Types of Plastics Used as Clear Products

The type of plastic to use as a raw material in injection molding depends on how the plastic gets produced. So first let us look at plastics production and their properties. This gives a better understanding of why some plastics work better. 

Plastics belong to a class of materials known as polymers. Other nonplastics which belong to this class include rubbers and fibers. Materials like crosslinked polyisoprene or polybutadiene are rubbers. Common names for these are latex and spandex to give a better picture. So generally speaking, stretchy and resilient materials are rubbers. Cellulose, silk, or wool are fibers. Think of products like paper and silk fabrics. These are fibers. You can think of fibers as polymers that are not stretchy. A single fiber has a high length to diameter ratio. A typical single fiber is not visible with the naked eye. And now plastics. Plastics have properties intermediate between rubbers and fibers. They will stretch until they reach a yield point. But the yield point is very low compared to rubber. This is the point beyond which they will not return to their original form. At their yield strength, they continue to stretch until they reach a breaking point. Another characteristic is that they are rigid at room temperature. Rubbers are nonrigid. 

Plastics, like other polymers, get made through the polymerization process. This is a process where hundreds or thousands of molecules react with each other. They do so to form bigger molecules called polymers. This molecule has a repeating sequence of the smaller molecules. The reaction is polymerization. There are different types of polymerization reactions. They differ in the type of reaction mechanisms and the type of system used. Some polymerization reactions need certain solvents and catalysts. Some do not need a solvent. There those which need heat to start. There are those initiated catalyzed by radiation. So different types of plastics get produced in different processes and environments. 

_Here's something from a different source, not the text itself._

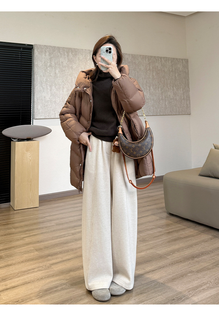 整个面料很垂,面料是含羊毛的,软糯舒适又不失挺括有型!

Now let us look at the color of the plastics. That is the original color before any dye or pigment gets added. The color of a material is generally determined by how it absorbs and reflects light. The color we see is to do with how the human eye perceives the light. How its molecules absorb and reflect light to do with the spatial arrangement. Also, the components used in its preparation are important. So catalysts of particular color or solvents also contribute to the final color. Other factors like degradation and radiation also contribute to the color of plastic. Now having covered this, what plastics get used to achieving clear products?

With the above in mind. The following are plastics that are common for use in clear products. The first three are the most common.

  • Polycarbonate (PC)
  • Polymethylmethacrylate (PMMA)
  • Polyethylene Terephthalate (PET)
  • Nylon/polyamide (PA)
  • A copolymer of acrylonitrile styrene (AS)
  • Polystyrene (PS)
  • Polypropylene (PP)
  • Polyethylene (PE)

Injection Molding as an Option for Clear Plastic Products

To appreciate the advantages of injection molding you should be aware of alternatives. So let’s weigh other methods for processing clear plastics against injection molding. The alternatives include CNC machining, 3D printing, and vacuum casting. Here we look at the key aspects of these processes. Note that this focuses on processes that achieve complex shapes. Blow molding or film-forming are not included here. For obvious reasons that they are only used for bottles and films.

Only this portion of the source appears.